QU Dongyu, Director General of the Food and Agriculture Organization of the United Nations (FAO), said Codex Alimentarius standards provide a solid basis for ensuring food safety.

“The work of the Codex Alimentarius Commission provides technical support for food safety and fair trade. Recognizing the importance of food safety, the FAO Ministerial Conference in June this year approved increased funding levels for FAO’s scientific advice program on food safety for the next biennium. “, did he declare.

Import and export issues
Guidance on the paperless use of electronic certificates has been adopted. It is intended to assist authorities with electronic certification exchanges to show that the food portion of international trade has met the importing country’s food safety requirements.

Proponents say it will reduce the time and cost of trading and can be connected to modern, risk-based electronic methods to facilitate food controls and inspection. However, others were wary of aspects related to the technology used.

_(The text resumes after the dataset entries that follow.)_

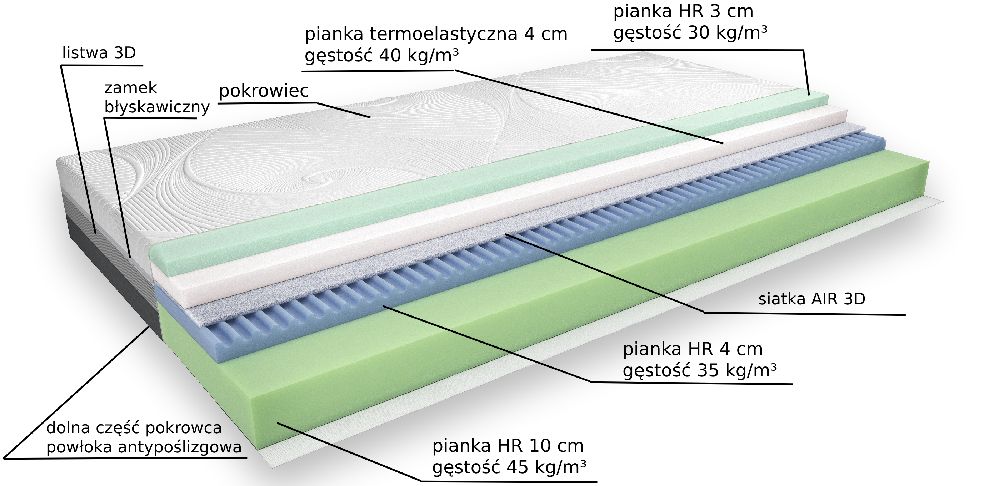 Materac nadaje się do stelaży regulowanych i wymaga użycia stelaża z giętymi listwami, przy zachowaniu odstępów nie większych niż 3 cm, aby zapewnić optymalne podparcie i wydłużyć żywotność produktu. Zdejmowalny pokrowiec z taśmą 3D ułatwia utrzymanie czystości. Materiały użyte w materacu posiadają certyfikat OEKO-TEX, co gwarantuje bezpieczeństwo i wysoką jakość wykonania.
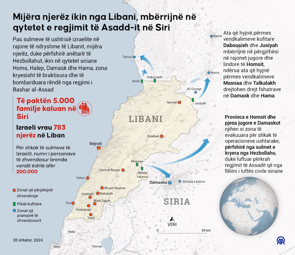 Sulmet ajrore izraelite në Liban kanë shkaktuar një migrim masiv të mijërave njerëzve që ikin drejt Sirisë, një vend tashmë i shkatërruar nga konflikti ndër vite. Më shumë se 5.500 familje libaneze, duke përfshirë anëtarë të Hezbollahut dhe të afërmit e tyre, kanë kaluar në Siri që nga fillimi i sulmeve të izraelit më 23 shtator.28 Shtator 2024•Përditësim: 28 Shtator 2024
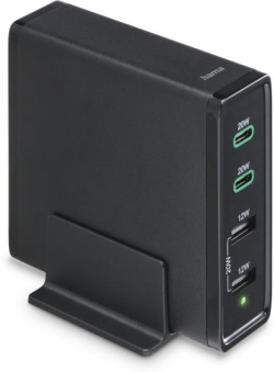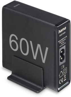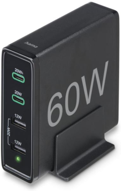 HAMA Зарядна станция 4 порта, 60W, 2x USB-C, 2x USB-A, PD, Fast Charge, черен
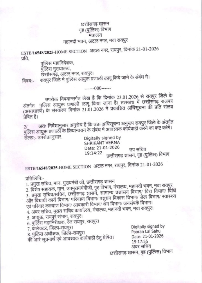 रायपुर। छत्तीसगढ़ की राजधानी में अपराध नियंत्रण और सुरक्षा व्यवस्था को अत्याधुनिक बनाने की दिशा में शासन ने बड़ा कदम उठाया है। रायपुर में अब पुलिस कमिश्नर प्रणाली (Police Commissionerate System) लागू कर दी गई है। गृह (पुलिस) विभाग द्वारा जारी अधिसूचना के अनुसार, यह नई व्यवस्था 23 जनवरी 2026 से प्रभावी होगी।
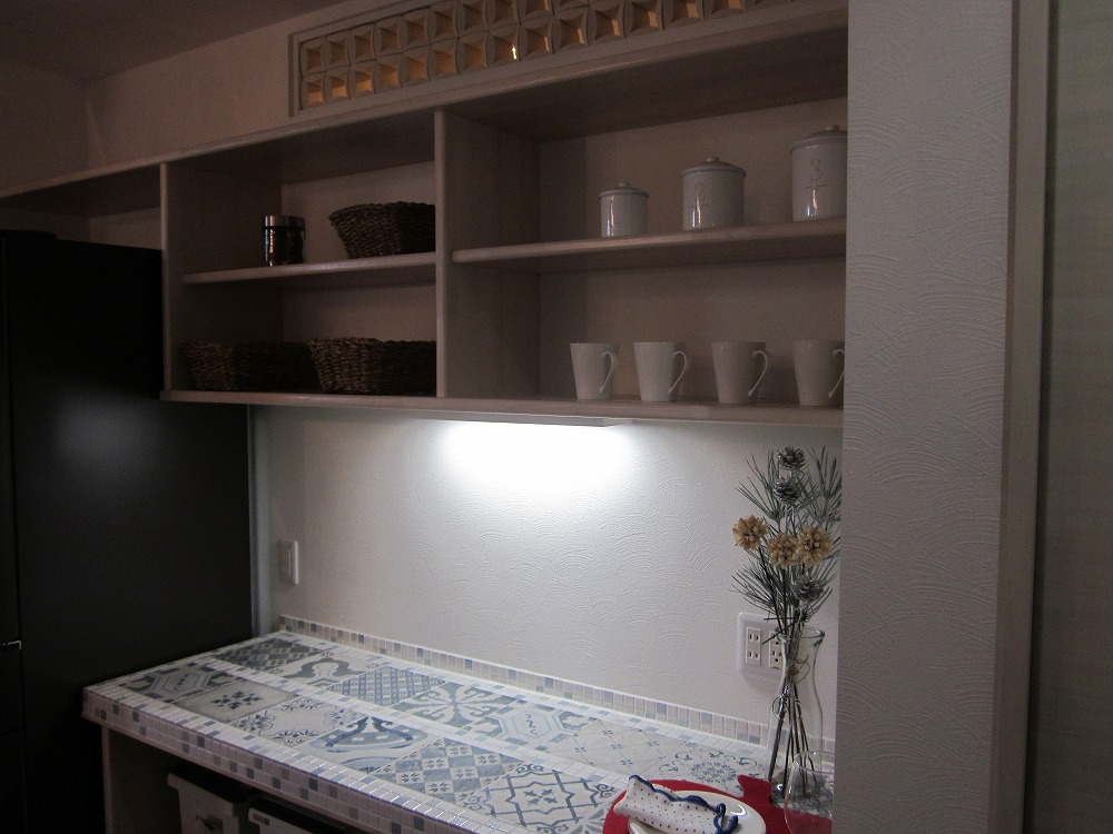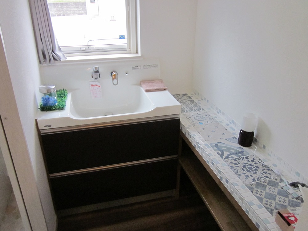 キッチンで残ったタイルを、トイレ前の手洗いカウンターにも

Guidelines for the evaluation and use of voluntary third party insurance programs were supported. They focus on the structure, governance and components of these programs.

Work is underway on draft guidelines on the recognition and maintenance of equivalence of national food control systems and guidance on the prevention and control of food fraud is also planned.

Before Codex marks its 60th anniversary in 2023, there is a planned publication reflecting the anniversary and a project to improve the visibility of Codex standards.

Members are also considering skipping a Commission meeting in 2022 with the hope of having an in-person meeting in July 2023.